With Cisco Clean Access, restrictions were enforced on an appliance. With the Cisco NAC Framework, the enforcement took place on an NAD (such as a router or switch). Because of the nature of Mobile NAC, enforcement at these points is insufficient. A user who is mobile wouldn't be affected by a restriction on these devices; the device wouldn't even be in communication with these devices. Consequently, the enforcement capabilities and remediation capabilities must take place on the endpoint itself.
With Fiberlink Mobile NAC, there are two key areas where restriction can take place:
Just as with the LAN-based NAC solutions, there is Layer 3 quarantining and restriction that can take place with Fiberlink Mobile NAC. With LAN-based NAC, the idea is to restrict a noncompliant device from accessing parts of the network other than those that would specifically work to remediate the endpoint. Mobile NAC does virtually the same thing, although this enforcement takes place on the endpoint itself. The Layer 3 restriction can be thought of as an outbound Access Control List (ACL) that controls where the device can go. Rather than just limiting or restricting LAN access when the user is attempting LAN access, this method can restrict access to any Internet location. This restriction reduces the device's exposure to the possibility of additional Internet-based threats.
When the device status is Out-of-Compliance, all outbound access can be blocked. To allow access to remediation servers and places that are deemed acceptable to an organization, exceptions can be put into place to allow that connectivity.

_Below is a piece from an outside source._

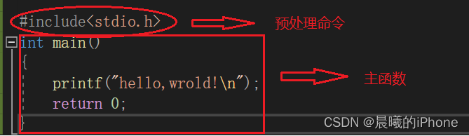 - 而因为使用了printf所以要引用头文件#include<stdio.h>(printf是c语言标准库函数,定义与头文件<stdio.h>)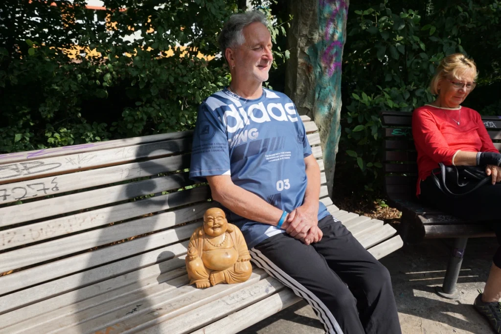 Kurz vor elf Uhr klingt die Musik leiser. Die Gruppe kommt zur Ruhe, Hände senken sich. Der Buddha schaut noch immer – vielleicht ein kleines bisschen zufriedener. Auf der Bank liegt der Glückspfennig, glänzt im Morgenlicht.

Figure 8-7 illustrates Layer 3 restriction.
In addition to Layer 3 restriction, Layer 7 restriction can also take place. This restriction would prohibit specified applications from being used when in a noncompliant state. If a Critical Internet Explorer patch is missing, then it would be beneficial to restrict the use of Internet Explorer until that patch is received. Layer 7 restriction works even when network connectivity isn't present. So, if a user is on an airplane and disables the antivirus application, Microsoft Word and other applications can be prohibited from running. Figure 8-8 shows Layer 7 restriction.
An interesting feature of Fiberlink Mobile NAC is Restricted Application Protection (RAP). RAP works very similarly to Layer 7 restriction, though it prevents applications from ever running on the machine. Applications such as instant messaging and peer-to-peer applications can pose significant security threats to the enterprise. Being able to prohibit these applications from running is an important security feature.
Another method of restriction is stopping the device from making a network connection when noncompliant. As was covered earlier in this book, public Wi-Fi hotspots can pose significant security challenges. These challenges are amplified for devices whose security posture is deficient. Because of these challenges, it can be beneficial to prohibit public Wi-Fi connections when a device is out of compliance. The same is true for 3G connections. There is benefit to having a vulnerable machine whose security posture is below standards stopped from establishing EvDO, CDMA, and so on, connections while in the noncompliant state. Controlling this type of functionality is a key benefit of the Fiberlink Connectivity and Security Client. Figure 8-9 illustrates how this restriction takes place.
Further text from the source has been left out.